Гай де Саллисс стоял в главном холле, украшенном ветвями остролиста и гирляндами из еловых лап и освещенного помимо множества свечей яркими искрами рождественских поленьев, весело потрескивающих в камине. Гай, улыбаясь, приветствовал подходящих гостей. Он тоже вел себя так, будто в этом доме ничего не случилось. Сквозь гул голосов расслышать его слова было, конечно, невозможно, но даже в жестах, которые поражали Джоанну, ощущалось исходящее от маркиза обаяние. Причем слово «обаяние» было просто первым пришедшим на ум и лишь в самой малой степени выражающим то, что она чувствовала, когда смотрела на Гривза. Стоя посреди холла в черных брюках и фраке, резко контрастирующих с белоснежной сорочкой и на тон темнее шейным платком, он был не просто обаятелен, он был невыносимо прекрасен.

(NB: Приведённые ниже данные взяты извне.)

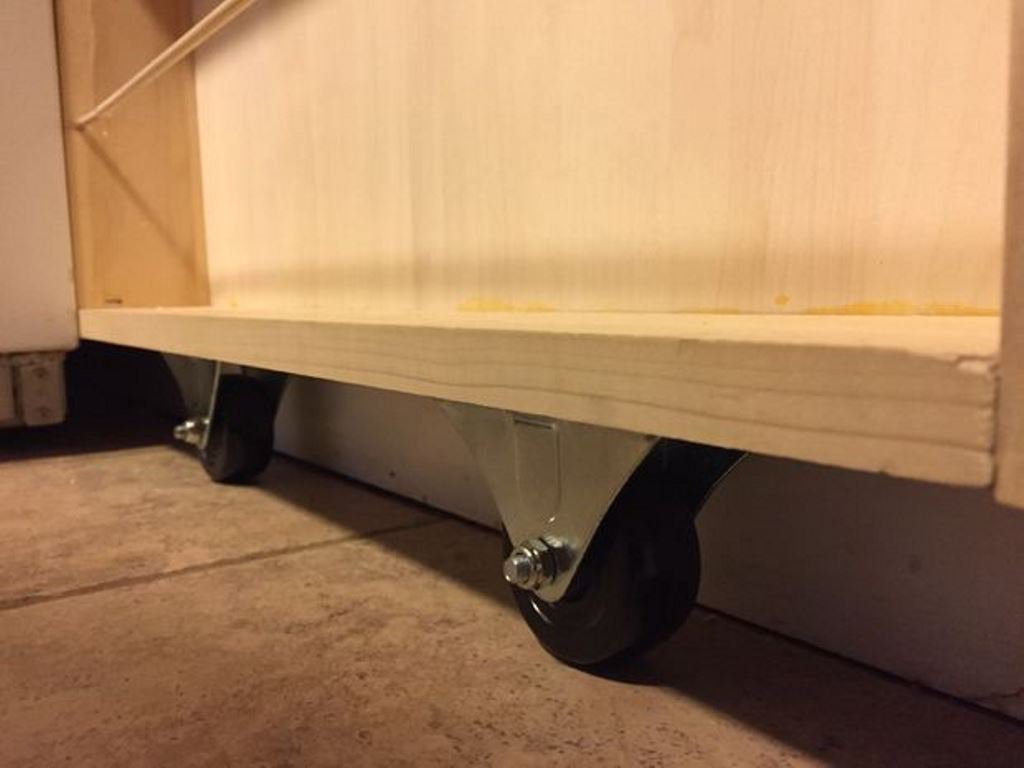 Осталось прикрепить колесики к нижней части полки, и ручку к боковой стенки кладовой.

Теперь Джоанне было понятно, что Лидия, подпав под его гипнотическое влияние, просто не могла не стремиться к нему. Джоанна сама ощущала силу его чар даже на таком расстоянии. Ничего удивительного, что ее чуть не хватил удар, когда он оказался совсем рядом, остановив ее на лестнице. И конечно же, не удивительно, что бедная Лидия, забыв обо всем, угодила прямо в его объятия. В вечернем наряде, весело смеющийся и шутивший с гостями Гривз был настоящим принцем из сказки.

– О, слава небесам, ваша светлость, вы здесь! А я вас повсюду ищу. Бегала в детскую, но Маргарет сказала, что не видела вас с тех пор, как вы уложили в постель лорда Уакомба. Так вот, миссис Кампьон беспокоится, что так долго не подают заливное – оно стало совсем жидким от тепла свечей!

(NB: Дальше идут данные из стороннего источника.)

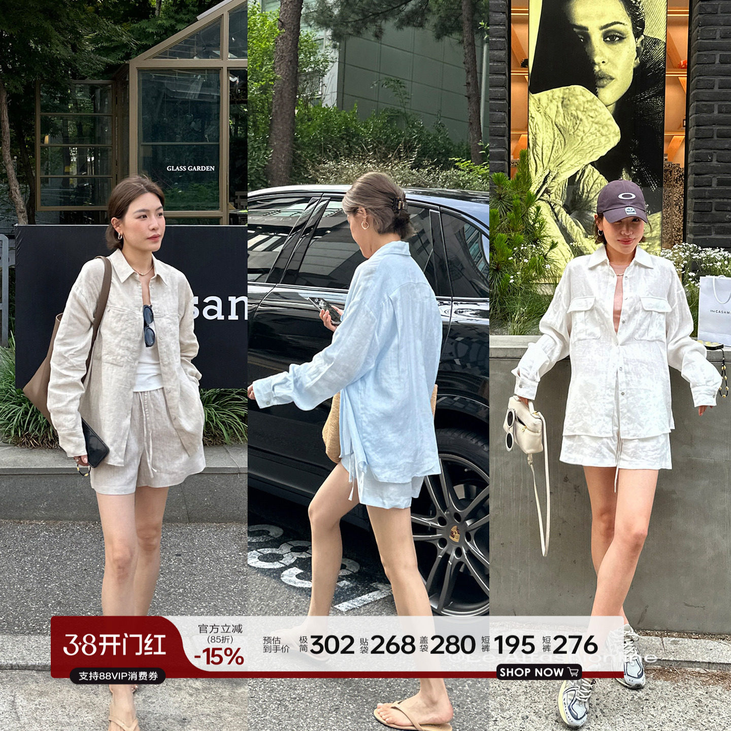 NEVA HU 苎麻衬衫三件套装女慵懒松弛感宽松长袖衬衣阔腿短裤长裤

Джоанна обернулась и увидела Уэнди, самую расторопную из служащих в доме горничных, которая, пытаясь отдышаться, поглаживала себя по груди.

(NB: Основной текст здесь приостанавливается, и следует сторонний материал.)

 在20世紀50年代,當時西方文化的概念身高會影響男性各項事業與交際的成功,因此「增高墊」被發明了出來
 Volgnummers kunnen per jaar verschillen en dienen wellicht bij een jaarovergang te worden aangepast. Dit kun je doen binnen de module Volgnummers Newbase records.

– Значит, придется еще немного попридержать его и поставить на холод – пусть зажелируется как следует, – сказала Джоанна, с неохотой покидая свое укрытие и направляясь за быстро идущей Уэнди.

Через пару минут она уже была на кухне, где ее взору предстала совсем другая картина, которую можно было назвать «кромешный ад».

– Контесса! Где вы ходите? – завопил Эмиль, не успела Джоанна появиться в дверях. Поварской колпак наполовину сполз с его лысой головы, по выражавшему полное смятение красному лицу стекали крупные капли пота. – О! Я заканчиваю это… Как вы его называете? Ризотто, да? Но не могу положить креветки. На таком огне они в момент подгорят!

Джоанна поспешила к нему и прошептала на ухо, что нужно делать. Затем направилась к суетившемуся у другой печи кондитеру.

Про себя она в очередной раз поблагодарила Бога за пробудившийся у нее в Италии интерес к кулинарии. Джоанна уйму времени провела на кухне, где под руководством своего куоко училась готовить различные блюда. Приобретенный опыт пришелся сейчас весьма кстати. Полезным оказался и совет, данный перед самым отъездом Банч, которую она тоже мысленно поблагодарила.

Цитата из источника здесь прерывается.